As for the optional parameter, the UNMAP command is an iterative process which continues through numerous cycles until complete.  The reclaim unit parameter specifies the quantity of blocks to unmap per each iteration of the UNMAP process.  In previous versions of vSphere, VMFS-3 datastores could have block sizes of 1, 2, 4, or 8MB.  While upgrading a VMFS-3 datastore to VMFS-5 will maintain these block sizes, executing an UNMAP operation on a native net-new VMFS-5 datastore results in working with a 1MB block size only.  Therefore, if a reclaim unit value of 100 is specified on a VMFS-5 datastore with a 1MB block size, then 100MB data will be returned to the available raw storage pool per iteration until all blocks marked available for UNAMP are returned.  Using a value of 100, the UNMAP command looks like this:

esxcli storage vmfs unmap -l 1tb_55ds -n 100

If the reclaim unit value is unspecified when issuing the UNMAP command, the default reclaim unit value is 200, resulting in 200MB of data returned to the available raw storage pool per iteration assuming a 1MB block size datastore.

One additional piece to to note on the CLI topic is that in a release candidate build I was working with, while the old vmkfstools -y command is deprecated, it appears to still exist but with newer vSphere 5.5 functionality published in the –help section:

vmkfstools vmfsPath -y –reclaimBlocks vmfsPath [–reclaimBlocksUnit #blocks]

The next change involves the hidden temporary balloon file (refer to my link at the top if you’d like more information about the balloon file but basically it’s a mechanism used to guarantee blocks targeted for UNMAP are not in the interim written to by an outside I/O request until the UNMAP process is complete).  It is no longer named .vmfsBalloon.  The new name is .asyncUnmapFile as shown below.

/vmfs/volumes/5232dd00-0882a1e4-e918-0025b3abd8e0 # ls -l -h -A
total 998408
-r——–    1 root     root      200.0M Sep 13 10:48 .asyncUnmapFile
-r——–    1 root     root        5.2M Sep 13 09:38 .fbb.sf
-r——–    1 root     root      254.7M Sep 13 09:38 .fdc.sf
-r——–    1 root     root        1.1M Sep 13 09:38 .pb2.sf
-r——–    1 root     root      256.0M Sep 13 09:38 .pbc.sf
-r——–    1 root     root      250.6M Sep 13 09:38 .sbc.sf
drwx——    1 root     root         280 Sep 13 09:38 .sdd.sf
drwx——    1 root     root         420 Sep 13 09:42 .vSphere-HA
-r——–    1 root     root        4.0M Sep 13 09:38 .vh.sf
/vmfs/volumes/5232dd00-0882a1e4-e918-0025b3abd8e0 #

As discussed in the previous section, use of the UNMAP command now specifies the the actual size of the temporary file instead of the temporary file size being determined by a percentage of space to return to the raw storage pool.  This is an improvement in part because it helps avoid the catastrophe if UNMAP tried to remove 2TB+ in a single operation (discussed here).
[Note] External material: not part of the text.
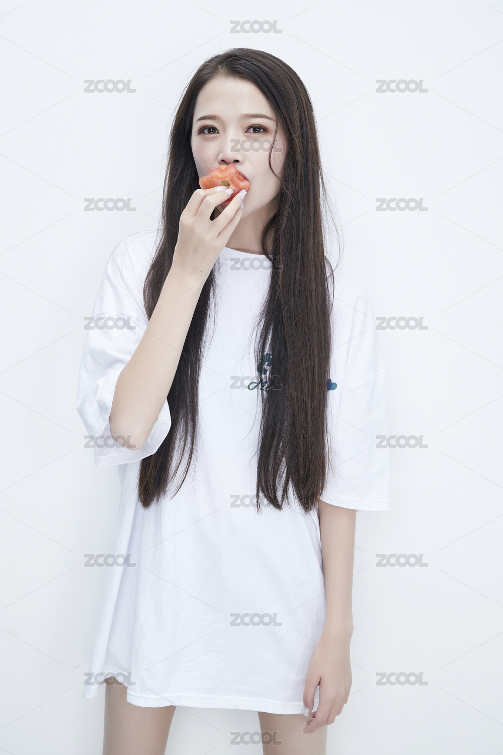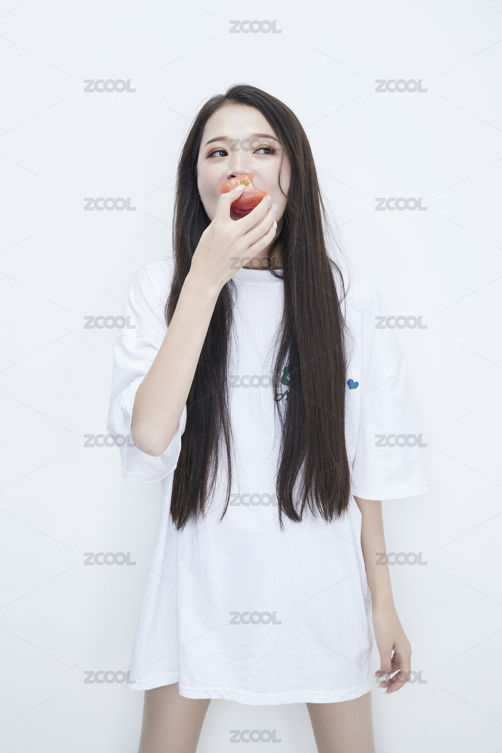 吃番茄的身穿白色长T血衬衫的长发少女人像

VMware has also enhanced the functionality of the temporary file.  A new kernel interface in ESXi 5.5 allows the user to ask for blocks beyond a a specified block address in the VMFS file system.  This ensures that the blocks allocated to the temporary file were never allocated to the temporary file previously.  The benefit realized in the end is that any size temporary file can be created and with UNMAP issued to the blocks allocated to the temporary file, we can rest assured that we can issue UNMAP on all free blocks on the datastore.

Going a bit deeper and adding to the efficiency, VMware has also enhanced UNMAP to support multiple block descriptors.  Compared to vSphere 5.1 which issued just one block descriptor per UNMAP command, vSphere 5.5 now issues up to 100 block descriptors depending on the storage array (these identifying capabilities are specified internally in the Block Limits VPD (B0) page).

A look at the asynchronous and iterative vSphere 5.5 UNMAP logical process:

  1. User or script issues esxcli UNMAP command
  2. Does the array support VAAI UNMAP?  yes=3, no=end
  3. Create .asyncUnmapFile on root of datastore
  4. .asyncUnmapFile created and locked? yes=5, no=end
  5. Issue 10CTL to allocate reclaim-unit blocks of storage on the volume past the previously allocated block offset
  6. Did the previous block allocation succeed? yes=7, no=remove lock file and retry step 6
  7. Issue UNMAP on all blocks allocated above in step 5
  8. Remove the lock file
  9. Did we reach the end of the datastore? yes=end, no=3

From a performance perspective, executing the UNMAP command in my vSphere 5.5 RC lab showed peak write I/O of around 1,200MB/s with an average of around 200IOPS comprised of a 50/50 mix of read/write.  The UNMAP I/O pattern is a bit hard to gauge because with the asynchronous iterative process, it seemed to do a bunch of work, rest, do more work, rest, and so on.  Sorry no screenshots because flickr.com is currently down.  Perhaps the most notable takeaway from the performance section is that as of vSphere 5.5, VMware is lifting the recommendation of only running UNMAP during a maintenance window.  Keep in mind this is just a recommendation.  I encourage vSphere 5.5 customers to test UNMAP in their lab first using various reclaim unit sizes.  While do this, examine performance impacts to the storage fabric, the storage array (look at both front end and back end), as well as other applications sharing the array.  Remember that fundamentally the UNMAP command is only going to provide a benefit AFTER its associated use cases have occurred (mentioned at the top of the article).  Running UNMAP on a volume which has no pages to be returned will be a waste of effort.  Once you’ve become comfortable with using UNMAP and understanding its impacts in your environment, consider running it on a recurring schedule – perhaps weekly.  It really depends on how much the use cases apply to your environment.  Many vSphere backup solutions leverage vSphere snapshots which is one of the use cases.  Although it could be said there are large gains to be made with UNMAP in this case, keep in mind backups run regularly and and space that is returned to raw storage with UNMAP will likely be consumed again in the following backup cycle where vSphere snapshots are created once again.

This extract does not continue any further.